J’ai toujours eu pour habitude de nourrir ma réflexion théorique sur la bande dessinée de mes lectures dans les champs les plus divers. Dernièrement, ce n’est pas par un essai relevant de l’esthétique, de l’histoire de l’art ou de la sémiotique que je me suis senti interpellé, mais par un livre du neurologue Lionel Naccache, intitulé Apologie de la discrétion. Comment faire partie du monde ?, publié chez Odile Jacob en 2022.
Discrétion doit s’entendre ici au sens mathématique du terme. En mathématiques, on distingue les ensembles continus et les ensembles discrets (par exemple, celui constitué des nombres entiers). Naccache applique le concept à notre système cognitif : comment percevons-nous le monde, comment notre cerveau traite-t-il les informations qui lui parviennent via nos cinq sens ?

Don Martin, « Brain operation » – © E.C. Publications
Selon lui, nous sommes victimes d’une illusion. « Nous croyons naturellement et par défaut être des créatures continues qui vivent dans un univers continu » (p. 37) quand, en réalité, il s’agit d’une impression trompeuse, car nous ne saisissons que des fragments du monde, particulièrement du monde visuel. Et il est heureux qu’il en soit ainsi car, si la discrétion de notre flux de conscience n’était pas masquée par un effet de continuité, nous verserions dans la schizophrénie (p. 125).

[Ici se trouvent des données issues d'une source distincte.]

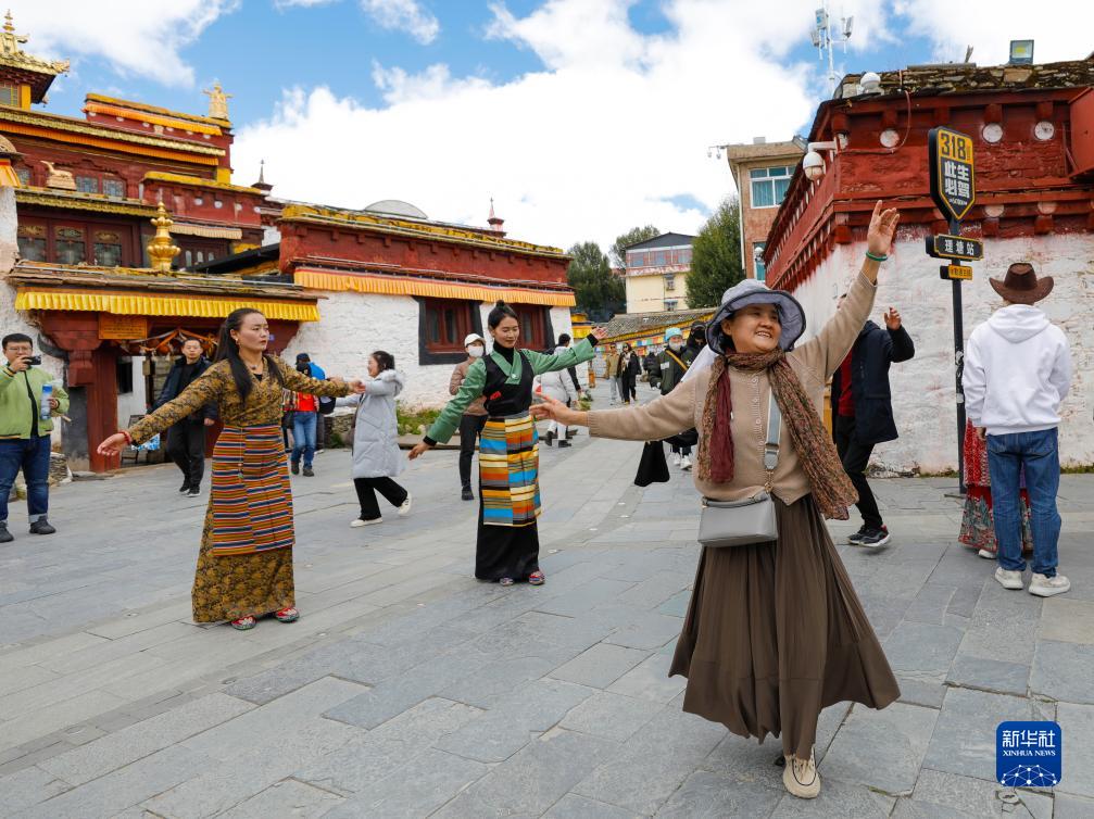 10月10日,游客(前)在理塘縣勒通古鎮(zhèn)跟著當?shù)夭刈迦罕娞伹f舞。

Naccache souligne le fait que les médias auxquels nous sommes exposés présentent souvent un caractère discret, oblitéré par notre représentation mentale subjective. Chacun sait que c’est le cas du cinéma. Quand nous regardons un film, la persistance rétinienne nous permet de convertir une suite d’images arrêtées projetées à la vitesse de 24 par seconde en un flux donnant l’illusion de la continuité, notamment en termes de mouvement. Mais il n’en va pas très différemment quand nous lisons un texte : les lettres, les mots, les phrases, les paragraphes tendent eux aussi à être perçus, non comme des éléments discrets, mais comme pris dans un flux.
Le neurologue note que cette propriété de discrétion s’étend à l’imagination et au rêve. Il ne mentionne pas la bande dessinée. Or, à la lire, il m’est apparu comme une évidence première que celle-ci tranche avec les autres médias (le roman-photo excepté) en ceci qu’elle ne simule pas un flux continu, mais s’affiche sans ambiguïté comme une collection dénombrable d’éléments discrets, les cases ou vignettes, qui généralement sont chacune fermée, encadrée, isolée par du blanc. Quand nous regardons une page de bande dessinée, nous percevons la totalité et les parties, et notre attention peut se concentrer sur chacune d’entre elles.
Rien là que de banal, il y a beau temps que les théoriciens ont décrit la bande dessinée comme un langage discontinu. Ce qui m’a frappé davantage, ce sont les références que fait Naccache à l’akinétopsie, terme qui désigne le syndrome de la cécité au mouvement. Suite à une atteinte du cortex cérébral, les patients qui en sont atteints font des « arrêts sur image » qui durent plusieurs secondes, pendant lesquelles ils perdent toute conscience visuelle des mouvements dans leur environnement. Entre les images qui leur parviennent consciemment, il y a donc, chaque fois, une ellipse. Et le monde, pour eux, se donne comme tout à la fois immobile et discontinu. Exactement comme une bande dessinée !
Je lis sur internet que « les personnes touchées par l’akinétopsie voient le monde en photogrammes ». Certes, le monde tel que nous le percevons ne nous apparaît pas comme dessiné. Cependant, de tous les médias, c’est bien la bande dessinée qui se rapproche le plus de l’expérience du monde que vivent ces personnes-là. Tintin (ou Mickey, ou qui vous voudrez) est ici, puis là, et je ne l’ai pas vu se déplacer. Depuis mon plus jeune âge, mes lectures dessinées me font vivre l’accès à la fiction sur le mode de l’akinétopsie. Et je découvre cela aujourd’hui, comme Monsieur Jourdain découvrait, sur le tard, qu’il avait toujours fait de la prose.